Closely Entwined – Riley’s Terrace by Adele McNab Architecture

Words by Bronwyn Marshall
Photography by Clinton Weaver
Interior Design by Adele McNab Architecture

As a labour of love, Riley’s Terrace is sculpted into an intentional and curated series of spaces to reflect the architect’s own nuanced engagement with nature. Adele McNab Architects brings a series of insertions together to optimise light, overlay efficiency and create meaningful connection to the surrounding community.

Stretching long and lean down its narrow and restrictive three-metre-wide site, Riley’s Terrace becomes an interplay of closed and open elements.
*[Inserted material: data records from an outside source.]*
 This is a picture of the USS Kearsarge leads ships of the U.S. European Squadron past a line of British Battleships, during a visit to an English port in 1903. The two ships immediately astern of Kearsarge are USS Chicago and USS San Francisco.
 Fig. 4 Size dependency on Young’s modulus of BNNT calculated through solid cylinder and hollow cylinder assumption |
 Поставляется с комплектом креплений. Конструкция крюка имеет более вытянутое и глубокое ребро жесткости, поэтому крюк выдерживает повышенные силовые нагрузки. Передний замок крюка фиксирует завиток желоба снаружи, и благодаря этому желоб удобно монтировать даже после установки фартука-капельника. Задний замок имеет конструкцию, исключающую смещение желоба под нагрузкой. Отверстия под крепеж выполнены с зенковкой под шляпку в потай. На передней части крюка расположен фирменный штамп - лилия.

As a key part of the design language of the tightly woven streets of Redfern in Sydney, the terrace is lined up amongst similar typologies. As the architect’s own home, her intimate knowledge of the area and how the home previously functioned provided the ultimate launch pad for her first project wearing the ‘client’s shoes’. Adele McNab Architecture resultingly uses her own curiousness with a heightened eye for detail and tactility to propose a home for her growing family, reflecting how they live now and with anticipation of their future.

The creation and placement of the internal courtyard space both opens up the floor plan and inserts an almost breathing heart into the centre of the home; uncovered and moving from the front portion to the rear, it ensures a reminder of the elements.
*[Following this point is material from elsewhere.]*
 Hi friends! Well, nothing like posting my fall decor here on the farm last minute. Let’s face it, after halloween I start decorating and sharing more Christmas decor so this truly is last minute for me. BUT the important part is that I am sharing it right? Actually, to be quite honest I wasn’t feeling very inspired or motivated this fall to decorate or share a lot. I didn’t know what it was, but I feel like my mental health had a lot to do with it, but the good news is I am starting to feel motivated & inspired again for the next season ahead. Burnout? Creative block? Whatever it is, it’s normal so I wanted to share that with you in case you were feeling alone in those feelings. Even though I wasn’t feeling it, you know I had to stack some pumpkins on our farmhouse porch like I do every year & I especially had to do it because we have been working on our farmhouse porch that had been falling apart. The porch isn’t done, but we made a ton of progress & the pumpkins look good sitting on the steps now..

Owner-built, together with carpentry by Maple Design + Construct and joinery by UltraForm Joinery, Riley’s Terrace is founded on three core principles. The first is the engagement with natural light, which is a typical first move for any heritage adaptation. The creation and placement of the internal courtyard space both opens up the floor plan and inserts an almost breathing heart into the centre of the home; uncovered and moving from the front portion to the rear, it ensures a reminder of the elements. The opening then allows for a generous pull of both light and ventilation across the site. The second principle is the reworking of the home’s planning to create efficiency. Integrated joinery conceals and supports the everyday rituals of the home, while the creation of a ‘laneway’ building to the rear addresses the external landscape and stretches the program of the home outwards.

The third principle is founded on ideas of community and openness. The new form clearly identifies with the home through a warm timber façade, opening up to the lane and encouraging interaction with neighbours. Having lived in the terrace for a number of years, it was a time of uncertainty that spurred the need for change. Expecting her first child, the home became part experiment and part personal expression, creating opportunities for interconnections across the site. A sense of restraint underpins the structure, while insertions of stone and metals elevate and are layered upon a mostly raw, honest palette of materials.

A sense of restraint underpins the structure, while insertions of stone and metals elevate and are layered upon a mostly raw, honest palette of materials.

Riley’s Terrace focuses on openness at its core, where Adele McNab Architectures connects both internally and beyond the building edge, adding value to the home and to the area equally.